Part 12
What he had observed, however, was that the number of customers that came into the store during the morning’s slack hour had pronouncedly increased in the last few days. Before, there had been three or four. Now there were twelve or fifteen. The mysterious thing about it was that their purchases totaled little more than those of the original three or four.
Yesterday and today Tony had elected to be in the store at the time when, on the other days, he had been out. But Gillis had not been overcharging or short-changing; for when Tony waited on the customers himself--strange faces all--he found that they bought something like a yeast cake or a five-cent loaf of bread. It was puzzling. Why should strangers leave their own neighborhoods and repeatedly come to him for a yeast cake or a loaf of bread? They were not new neighbors. New neighbors would have bought more variously and extensively and at different times of day. Living near by, they would have come in, the men often in shirtsleeves and slippers, the women in kimonos, with boudoir caps covering their lumpy heads. They would have sent in strange children for things like yeast cakes and loaves of bread. And why did not some of them come in at night when the new helper was off duty?
As for accosting Gillis on suspicion, Tony was too wise for that. Patronage had a queer way of shifting itself in Harlem. You lost your temper and let slip a single ‘_nègre_.’ A week later you sold your business.
Spread over his soap box, with his pudgy hands clasped on his preposterous paunch, Tony sat and wondered. Two men came up, conspicuous for no other reason than that they were white. They displayed extreme nervousness, looking about as if afraid of being seen; and when one of them spoke to Tony it was in a husky, toneless, blowing voice, like the sound of a dirty phonograph record.
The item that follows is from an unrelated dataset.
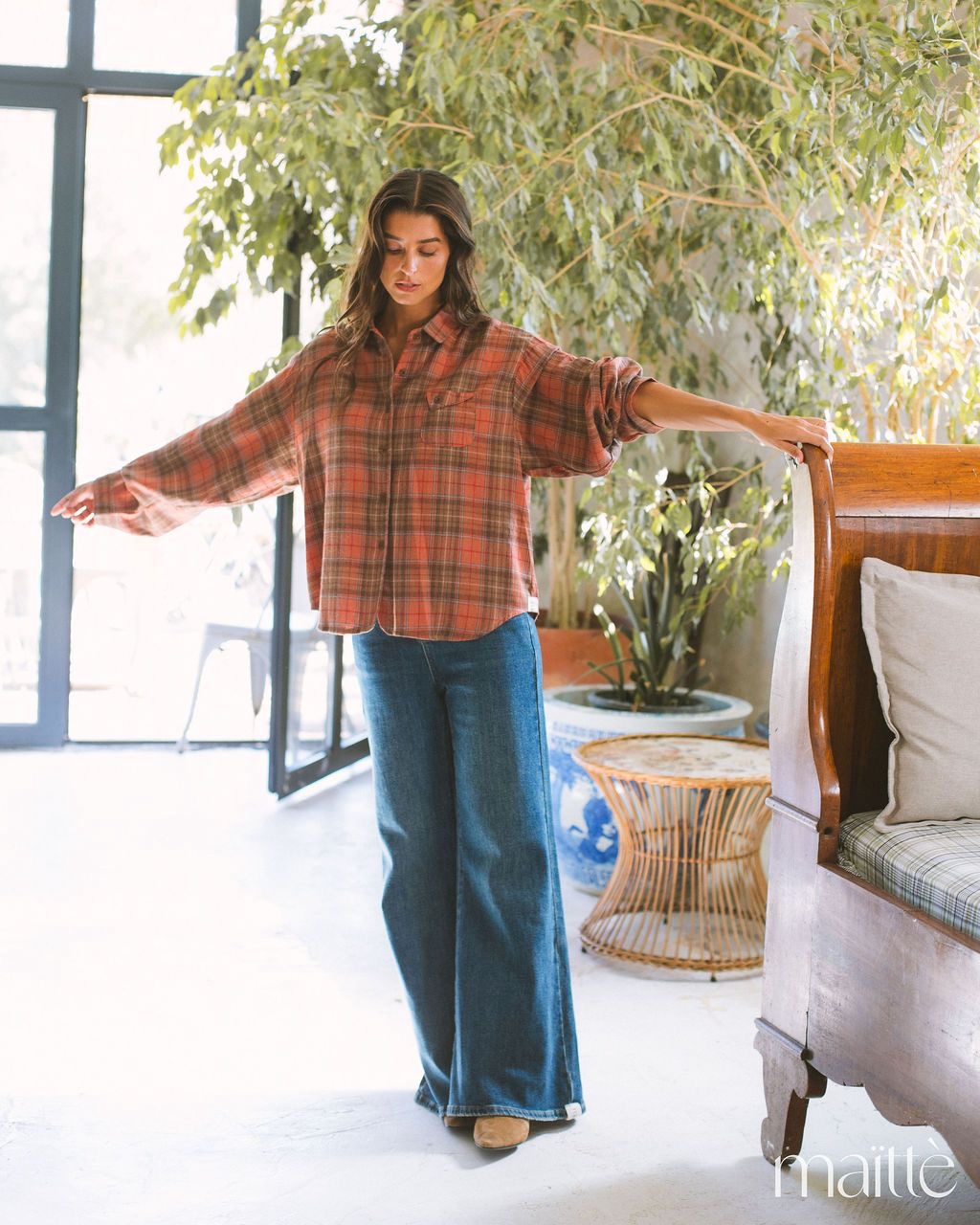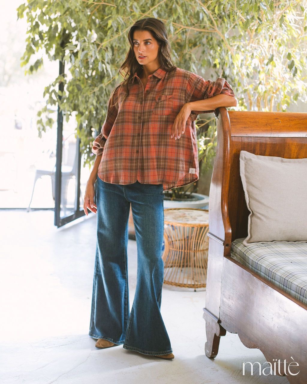 Camisa de flanela (leve e macia) com padrão de xadrez.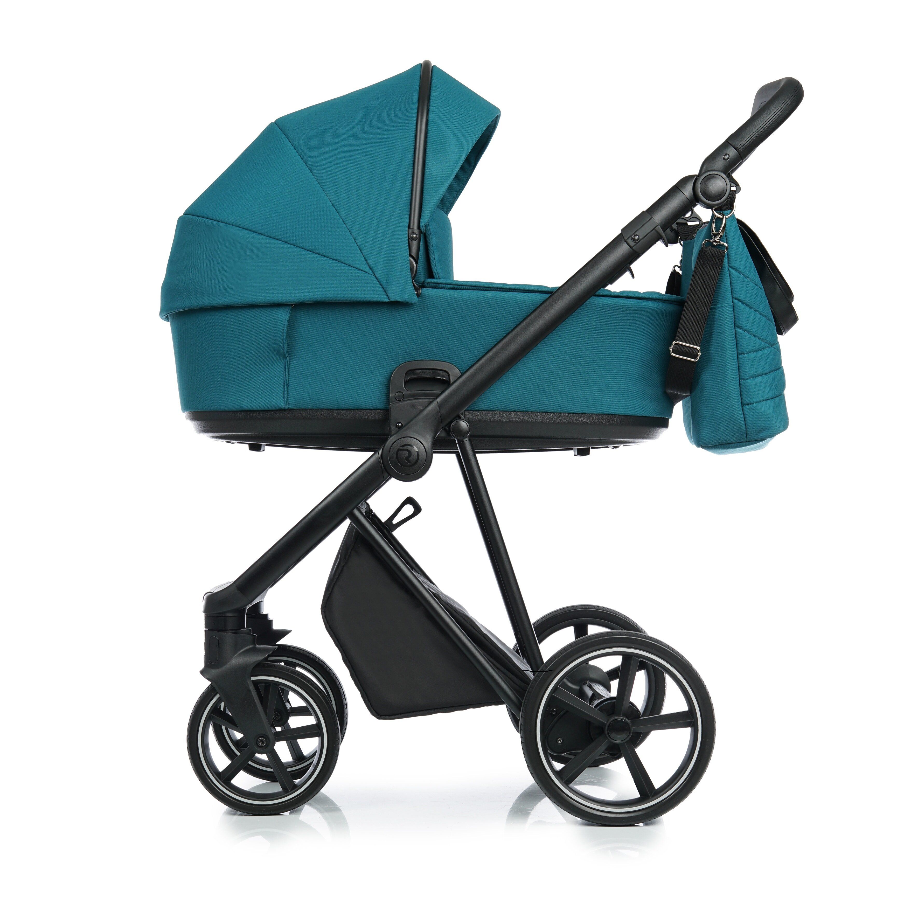 Reguliuojama rankena apsiūta EKO oda. Lengva ir patogi „Click“ sistema, skirta montuoti lopšį, vežimėlį ir auto-kėdutę.

‘Are you Antonio Gabrielli?’
‘Yes, sure.’ Strange behavior for such lusty-looking fellows. He who had spoken unsmilingly winked first one eye then the other, and indicated by a gesture of his head that they should enter the store. His companion looked cautiously up and down the Avenue, while Tony, wondering what ailed them, rolled to his feet and puffingly led the way.
Inside, the spokesman snuffled, gave his shoulders a queer little hunch, and asked, ‘Can you fix us up, buddy?’ The other glanced restlessly about the place as if he were constantly hearing unaccountable noises.
Tony thought he understood clearly now. ‘Booze, ’ey?’ he smiled. ‘Sorry--I no got.’
‘Booze? Hell, no!’ The voice dwindled to a throaty whisper. ‘Dope. Coke, milk, dice--anything. Name your price. Got to have it.’
‘Dope?’ Tony was entirely at a loss. ‘What’s a dis, dope?’
‘Aw, lay off, brother. We’re in on this. Here.’ He handed Tony a piece of paper. ‘Froggy gave us a coupon. Come on. You can’t go wrong.’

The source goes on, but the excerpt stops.